Monday, September 24, 2012

Day 873: All for Nothing?

I've said it before--this breast cancer stuff is sure a strange trip. Things that are promising and exciting can still manage to leave you with that sense of dread, or fear, or anger, or all three. Things like the fact that there is significant progress being made in figuring breast cancer out, as in REALLY figuring it out, not just talking about awareness and hope and bravery.

Several people have sent me a link to a story published in the New York Times about this research:

Those of us "lucky" enough to be survivors of this disease talk about what is behind this research all the time, even though we are not "experts." We know that this is not one disease.

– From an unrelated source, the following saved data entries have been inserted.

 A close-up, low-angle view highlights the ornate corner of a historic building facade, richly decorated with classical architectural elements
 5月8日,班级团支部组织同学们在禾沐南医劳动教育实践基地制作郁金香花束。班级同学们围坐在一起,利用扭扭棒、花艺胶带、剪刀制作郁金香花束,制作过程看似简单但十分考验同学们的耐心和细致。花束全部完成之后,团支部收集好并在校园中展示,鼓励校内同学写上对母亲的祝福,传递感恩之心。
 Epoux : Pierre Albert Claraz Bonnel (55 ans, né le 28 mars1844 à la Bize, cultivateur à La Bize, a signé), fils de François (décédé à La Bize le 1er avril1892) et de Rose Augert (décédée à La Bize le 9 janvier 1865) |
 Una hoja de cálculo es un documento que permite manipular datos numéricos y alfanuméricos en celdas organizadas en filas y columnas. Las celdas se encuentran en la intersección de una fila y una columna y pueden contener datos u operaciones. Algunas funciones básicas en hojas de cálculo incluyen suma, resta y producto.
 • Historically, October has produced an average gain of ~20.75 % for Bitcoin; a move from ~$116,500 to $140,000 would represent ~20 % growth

We tell each other, my cancer is so different than yours. I think to myself, I had none of the risk factors (except for early menses, long-term birth control pill use and recent pregnancy/nursing; those latter two having only recently entered the general conversation about risk factors) associated with estrogen-positive cancer. We question why some of us live and some of us die.

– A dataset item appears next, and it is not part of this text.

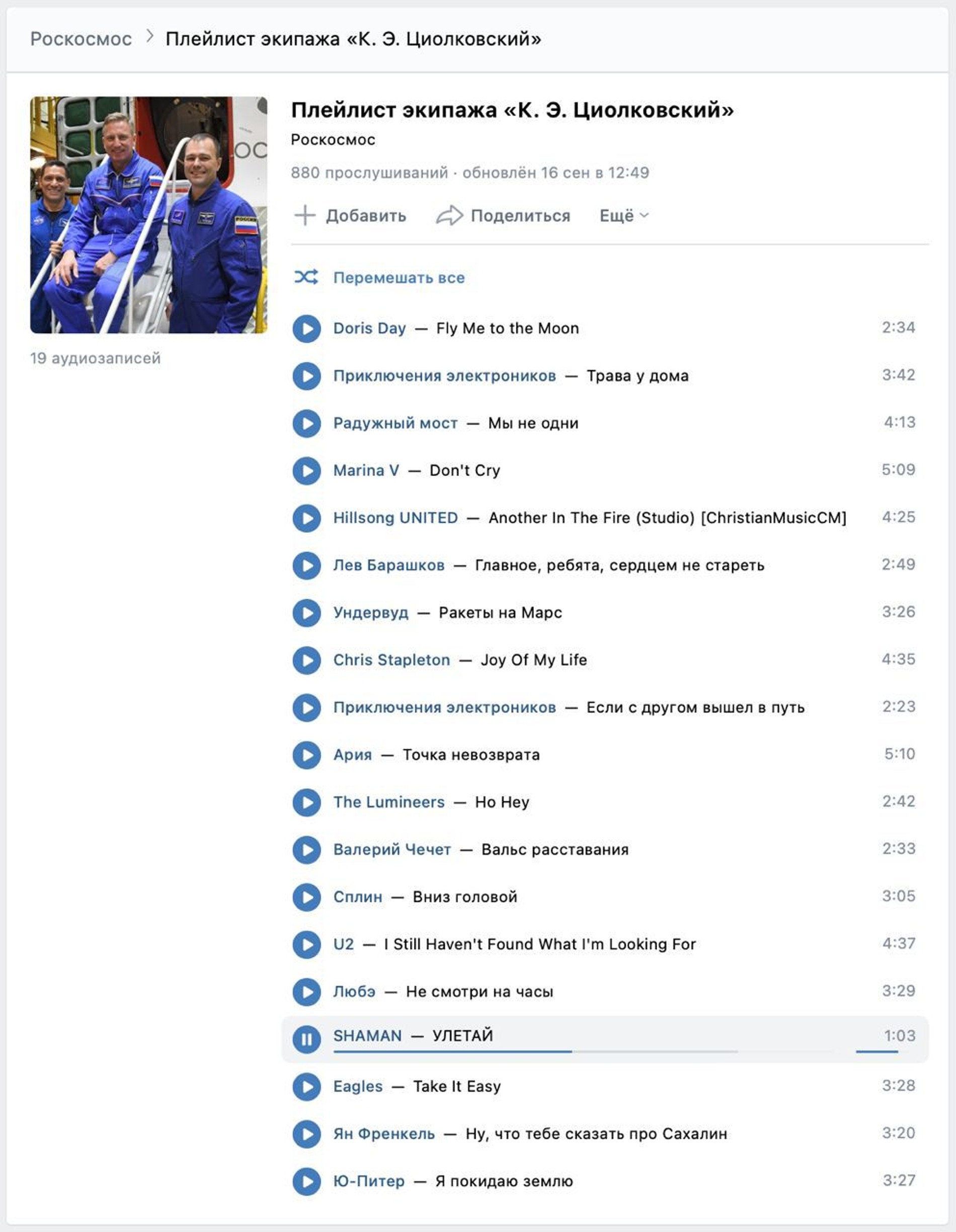 Голос российского исполнителя Ярослава Дронова, он же Shaman, теперь будет звучать за пределами нашей планеты. Его песню «Улетай» включили в официальный плей-лист очередной экспедиции «Роскосмоса». Список всех музыкальных композиций можно посмотреть ВКонтакте, всего их 19.

And lo and behold, when I talked about the fact that "triple negative breast cancer doesn't exist," it looks like I might have been right. And with that potential truth lies the possibility for treatment for TNBC that will be effective, rather than just a shot in the dark. And yet... how should I feel about learning this? And by this I mean THIS:

The study’s biggest surprise involved a particularly deadly breast cancer whose tumor cells resemble basal cells of the skin and sweat glands, which are in the deepest layer of the skin. These breast cells form a scaffolding for milk duct cells. This type of cancer is often called triple negative and accounts for a small percentage of breast cancer.

But researchers found that this cancer was entirely different from the other types of breast cancer and much more resembles ovarian cancer and a type of lung cancer. “It’s incredible,” said Dr. James Ingle of the Mayo Clinic, one of the study’s 348 authors, of the ovarian cancer connection. “It raises the possibility that there may be a common cause.”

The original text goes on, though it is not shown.